Votequorum information
----------------------
Expected votes: 13
Highest expected: 13
Total votes: 8
Quorum: 7
Flags: Quorate

Membership information
----------------------
Nodeid Votes Name
0x00000009 1 10.98.187.11
0x0000000a 1 10.98.187.12
0x0000000b 1 10.98.187.15
0x0000000c 1 10.98.187.36
0x00000003 1 10.98.187.40 (local)
0x00000001 1 10.98.187.41
0x00000002 1 10.98.187.42
0x00000008 1 10.98.187.47


Dietmar Maurer
2016-11-09 15:13:34 UTC
Permalink
Post by Dhaussy Alexandre
I wanted to remove vms from HA and start the vms locally, but I can’t even do
that (nothing happens.)
How do you do that exactly (on the GUI)? You should be able to start them
manually afterwards.
Dhaussy Alexandre
2016-11-09 15:29:37 UTC
Permalink
I try to remove from ha in the gui, but nothing happends.
There are some services in "error" or "fence" state.

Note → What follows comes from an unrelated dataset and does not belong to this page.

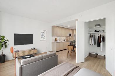 GOWANUS NEW CONSTRUCTION | FULL AMENITIES | FURNISHED STUDIO APARTMENT DESCRIPTION: $1,000 Reduced Security Deposit for Qualified Applicants $1,000 Visa Gift Card to put towards moving expenses. To receive this reward, an application for an apartment must be completed on the same day as a tour. Furnished studio apartment offering an oversized walk-in closet for ample storage. Move in ready. This home features a private washer and dryer offering every day ease. Application Fee: $20 per leaseholder and guarantor. Security Deposit: Equal to 1-months rent unless stated otherwise in the lease. Credit & Debit Cards Fees (for BILT): Credit Cards 3% and debit $9.95 per transaction. Credit & Debit Cards Fees (for ClickPay): Credit Cards 2.95% ($15 for VISA) and debit $9.95 per transaction (foreign transaction fee: additional 1.00% fee applies when using an international credit card). Utilities: Cable, internet, telephone, and electricity costs: Based on usage. Additional Security Deposit & Rent Increase: As required per the lease and allowed under applicable law. Renters Insurance: Required policy (you may obtain through your preferred provider). The Guarantors or Rhino: Optional, if you use these services, their applicable fees will apply. Late Fees: 5% or $50 per instance, whichever is less. Non-Sufficient Funds Fee: $50 per instance. Key Replacement Fee:$20Key Fob Replacement: $20Key Cylinder/Lock Replacement: $150 Damage Fees: Billed at cost for damages beyond normal wear and tear. Legal Fees: Billed at cost, as permitted by law. Cable/Internet/Phone: Optional - supplied by independent providers. For electricity there are 3 possibilities depending on the property: 1) No fee, 2) Electricity charge from independent provider, based on usage, 3) Electricity charge from landlord, based on usage. Lounge/Party Room Event Fees: As billed by the hour, optional - if available Bicycle Storage Fee: Optional $25 per month, per bike. *GROSS RENT - $3894 *TWO MONTHS FREE ON A 16 MONTH LEASE TERM BUILDING DESCRIPTION: President sits at the intersection of Union & Nevins in Gowanus, Brooklyn with 350 apartments ranging from studio to two-bedrooms. This new development offers fresh finishes and a variety of layouts. The 25,000 square foot amenity offering includes daily conveniences like a fitness center and co-working lounge to true luxuries like a rooftop pool and golf simulator. There is an optional amenity fee of $85 per person, per month, and an optional pool amenity of $500 fee per household, per year/season. hide full description Policies Guarantors accepted Pets allowed Pied-a-terre allowed Smoke-free Sublets allowed Home features Dishwasher Furnished Private outdoor space Garden Washer/dryer Building amenities Services and facilities Bike room Concierge Doorman Full-time Elevator Laundry in building Live-in super Package room Parking Garage Valet service Wheelchair access Wellness and recreation Gym Media room Swimming pool Shared outdoor space Courtyard Deck Garden Patio Roof deck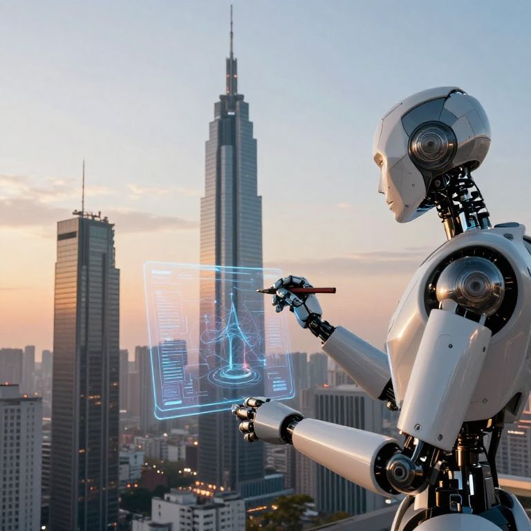 Photograph of a sleek, white humanoid robot with glowing blue eyes and joints, holding a tablet. The robot stands on a modern, two-story house with large glass windows, wood accents, and warm indoor lighting. The house features a clean, minimalistic design with a smooth, gray driveway and small green plants in the foreground. The robot is positioned in the foreground on the right, while the house occupies the background, creating a futuristic contrast between technology and modern architecture. The sky is clear with early evening light.

Now i tried to remove the non-working nodes from the cluster... but i
still see those nodes in /etc/pve/ha/manager_status.
Post by Dietmar Maurer
Post by Dhaussy Alexandre
I wanted to remove vms from HA and start the vms locally, but I can’t even do
that (nothing happens.)
How do you do that exactly (on the GUI)? You should be able to start them
manually afterwards.
Thomas Lamprecht
2016-11-09 16:00:14 UTC
Permalink
Hi,
Post by Dhaussy Alexandre
I try to remove from ha in the gui, but nothing happends.
There are some services in "error" or "fence" state.
Now i tried to remove the non-working nodes from the cluster... but i
still see those nodes in /etc/pve/ha/manager_status.
Can you post the manager status please?

Also, is pve-ha-lrm and pve-ha-crm up and running without any error
on all nodes, at least on those in the quorate partition?

check with:
systemctl status pve-ha-lrm
systemctl status pve-ha-crm

If not restart them, and if then its still problematic please post the output
of the systemctl status call (if its the same on all node one output should be enough).
Post by Dhaussy Alexandre
Post by Dietmar Maurer
Post by Dhaussy Alexandre
I wanted to remove vms from HA and start the vms locally, but I can’t even do
that (nothing happens.)
You can remove them from HA by emptying the HA resource file (this deletes also
comments and group settings, but if you need to start them _now_ that shouldn't be a problem)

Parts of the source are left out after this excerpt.